BEGIN MATERIAL SUPPLIED

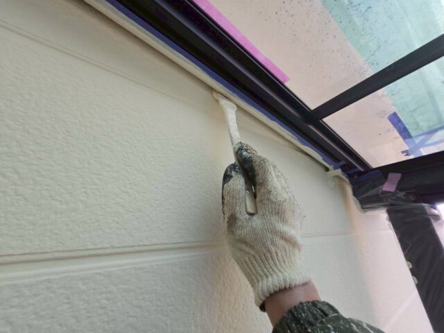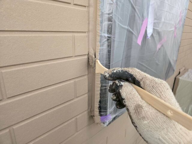 ↑📸【写真:誘発目地、サッシ廻り シーリング作業完了】
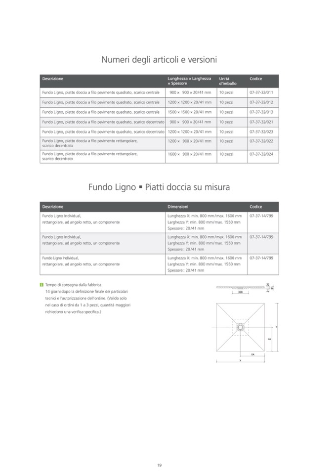 Fundo Ligno, piatto doccia a filo pavimento quadrato, scarico decentrato
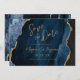 Este casamento elegante salve o cartão de data apresenta uma imagem de fundo da marinho azul de aquarela agada com falso brilho dourado. O texto personalizável combina manuscrito, protetor e fontes itálicas de cor dourada. O verso apresenta um design de agate marinho azul e dourado coordenador.
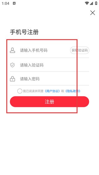 4、进入【手机号注册】页面后,按顺序填写【手机号码】、【验证码】和【密码】,接着点击【注册】按钮,即可完成账号注册操作。
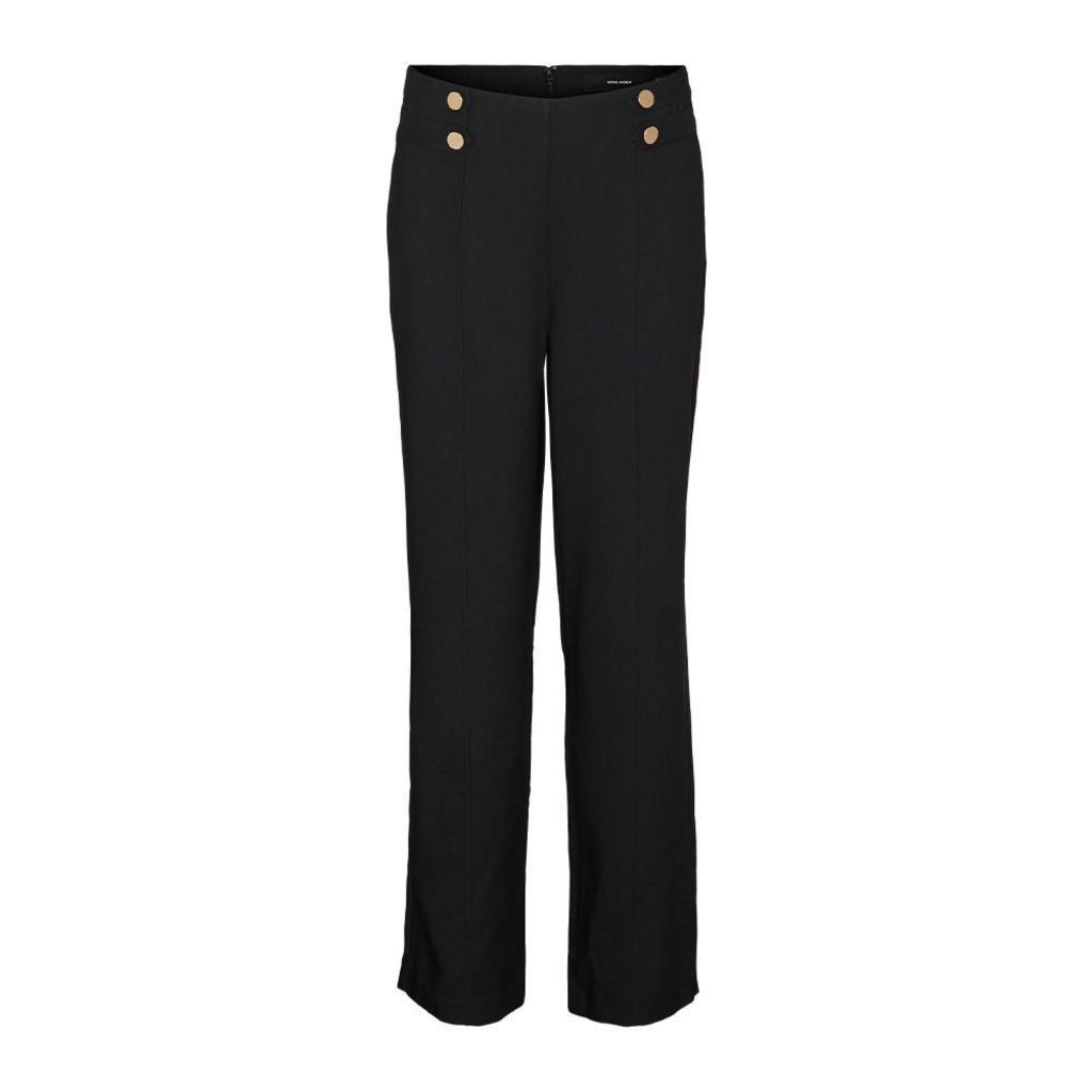 Optez pour ce pantalon Vero ModaColoris : NoirComposition: 63% polyester, 32% viscose, 5% élasthanneBraguette à fermeture éclairPoches latérales
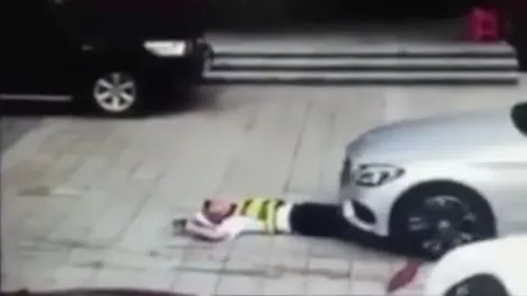 นอนขวางก็เอาไม่อยู่! คนอยากได้ที่จอด ขับรถทับ รปภ.จีนหน้าตาเฉย (คลิป)
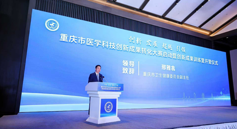 10月28日,重庆市医学科技创新成果转化大赛启动暨创新成果训练营开营仪式在山城国际会议中心举行。市卫生健康委副主任邢雅翕,西部科学城重庆高新区管委会二级巡视员张红平,市药品监督局安全总监潘光伟出席会议并致辞,重医附一院院长罗勇、华森制药集团董事长游洪涛分别作为医院代表和企业代表发言,市卫生健康委二级巡视员王世纯主持开营仪式。
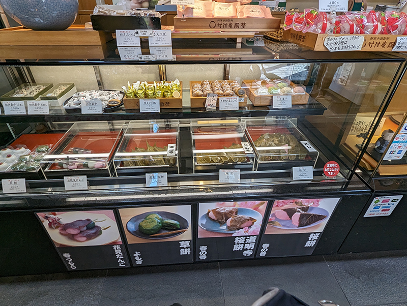 ショーケースを見ると各種桜餅に目移りし、今回はこごめ大福は見送った。他に赤飯ととらが焼きを購入。
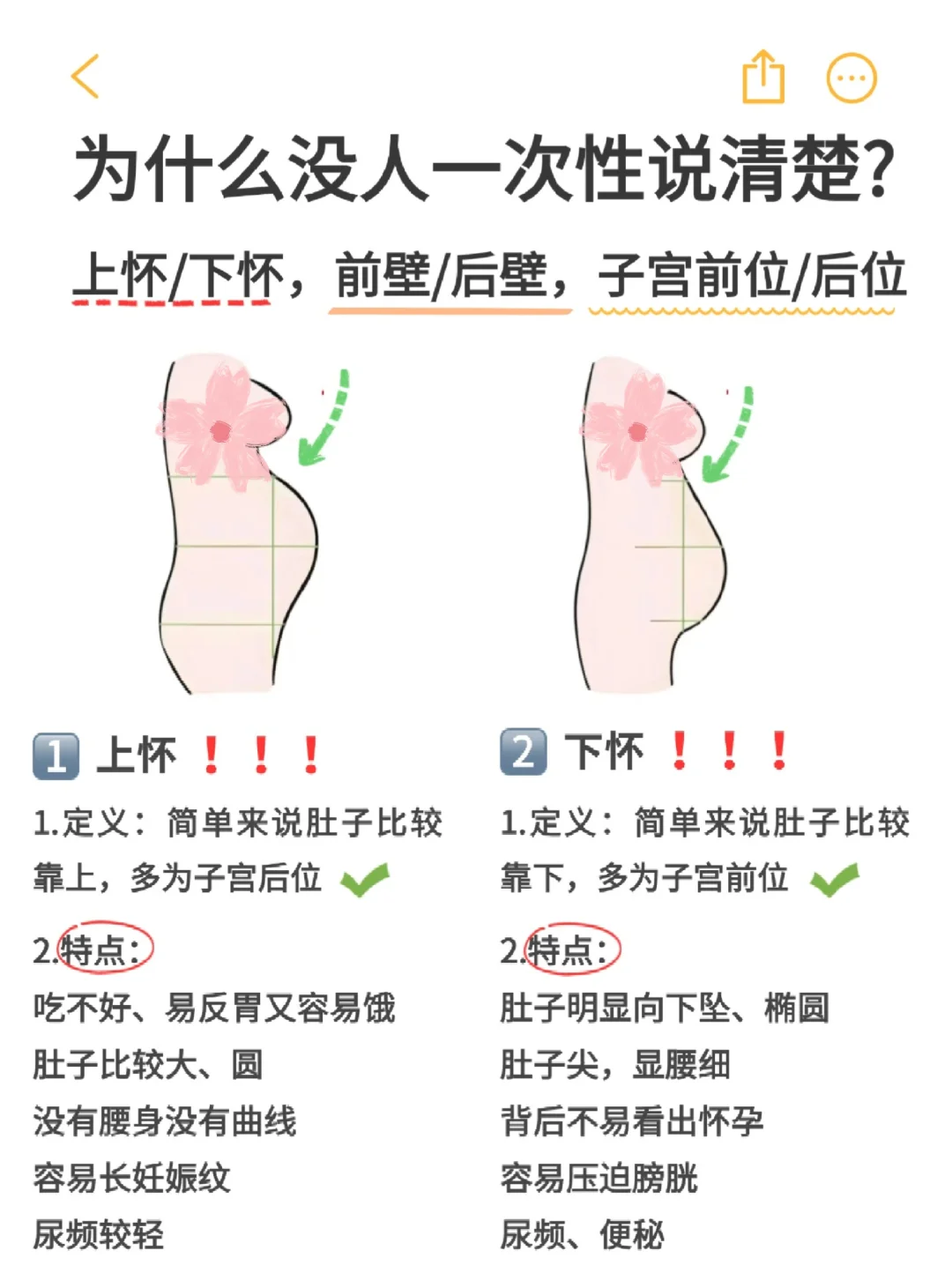 ⭕上怀VS下怀✅上怀1.定义:简单来说肚子比较靠上,多为子宫后位2.特点:吃不好、易反胃又容易饿;肚子比较大、圆没有腰身没有曲线;容易长妊娠纹;...[查看阅读]
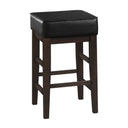 Bring casual comfort and modern transitional style to your kitchen or entertaining area with this set of two 24-inch counter height stools. The square black faux leather seats deliver a clean, contemporary look while the espresso-finished solid wood frames add warmth and durable support. These stools are designed for everyday use—easy to pair with existing counters or tables and simple to assemble—making them a practical, stylish seating solution for breakfast nooks, islands, and bars.
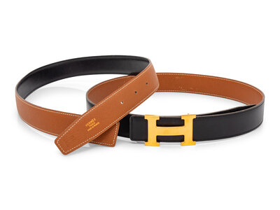 Hermès, Constance Gold Belt Buckle & Two Leather Belts
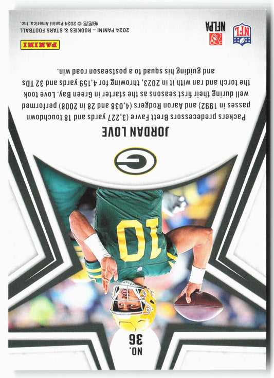 This is a nice example of a 2024 Panini Rookies & Stars #36 Jordan Love Other important information about this card:In 2024 Jordan Love played for the Green Bay Packers.Please...
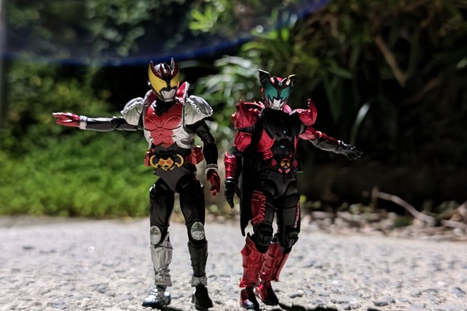#おもちゃ撮影会 7/8『睨む』 キングの睨み🦇 #仮面ライダーキバ #ダークキバ #仮面ライダー #shodo #オモ写 #夜のフィギュア撮影会 #楽しく玩具撮影会 #toyphotography
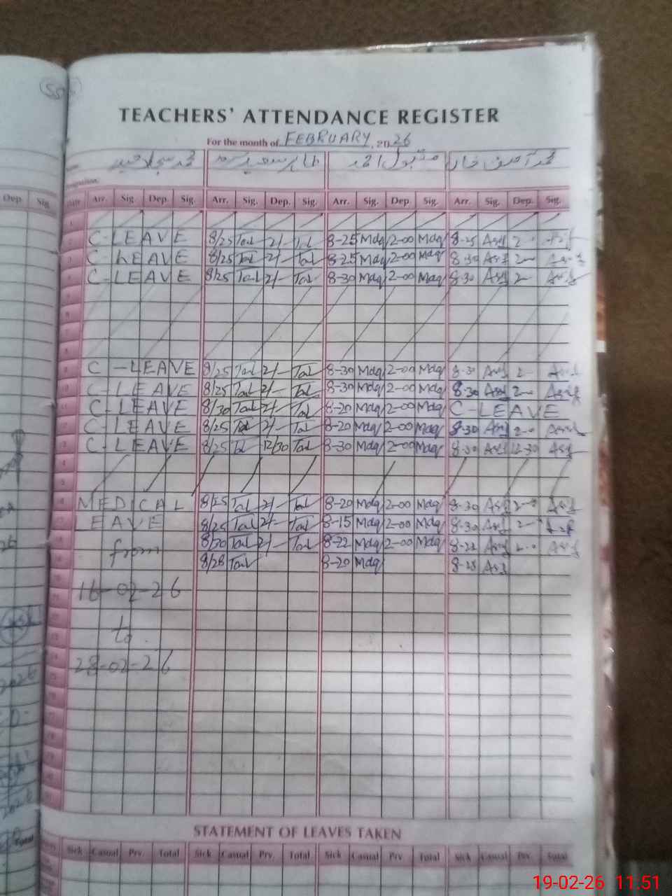 | Leave | Duty | Absent | Maternity | Medical | Ex- Pak |

END MATERIAL SUPPLIED

- _PROBLEM DETAILS_
Copy exactly the lines of the entries above from the one containing "10月28日,重庆市医学科技" through the one containing "This is a nice". Both end lines count; pictures do not.

- _SOLUTION_
 10月28日,重庆市医学科技创新成果转化大赛启动暨创新成果训练营开营仪式在山城国际会议中心举行。市卫生健康委副主任邢雅翕,西部科学城重庆高新区管委会二级巡视员张红平,市药品监督局安全总监潘光伟出席会议并致辞,重医附一院院长罗勇、华森制药集团董事长游洪涛分别作为医院代表和企业代表发言,市卫生健康委二级巡视员王世纯主持开营仪式。
 ショーケースを見ると各種桜餅に目移りし、今回はこごめ大福は見送った。他に赤飯ととらが焼きを購入。
 ⭕上怀VS下怀✅上怀1.定义:简单来说肚子比较靠上,多为子宫后位2.特点:吃不好、易反胃又容易饿;肚子比较大、圆没有腰身没有曲线;容易长妊娠纹;...[查看阅读]
 Bring casual comfort and modern transitional style to your kitchen or entertaining area with this set of two 24-inch counter height stools. The square black faux leather seats deliver a clean, contemporary look while the espresso-finished solid wood frames add warmth and durable support. These stools are designed for everyday use—easy to pair with existing counters or tables and simple to assemble—making them a practical, stylish seating solution for breakfast nooks, islands, and bars.
 Hermès, Constance Gold Belt Buckle & Two Leather Belts
 This is a nice example of a 2024 Panini Rookies & Stars #36 Jordan Love Other important information about this card:In 2024 Jordan Love played for the Green Bay Packers.Please...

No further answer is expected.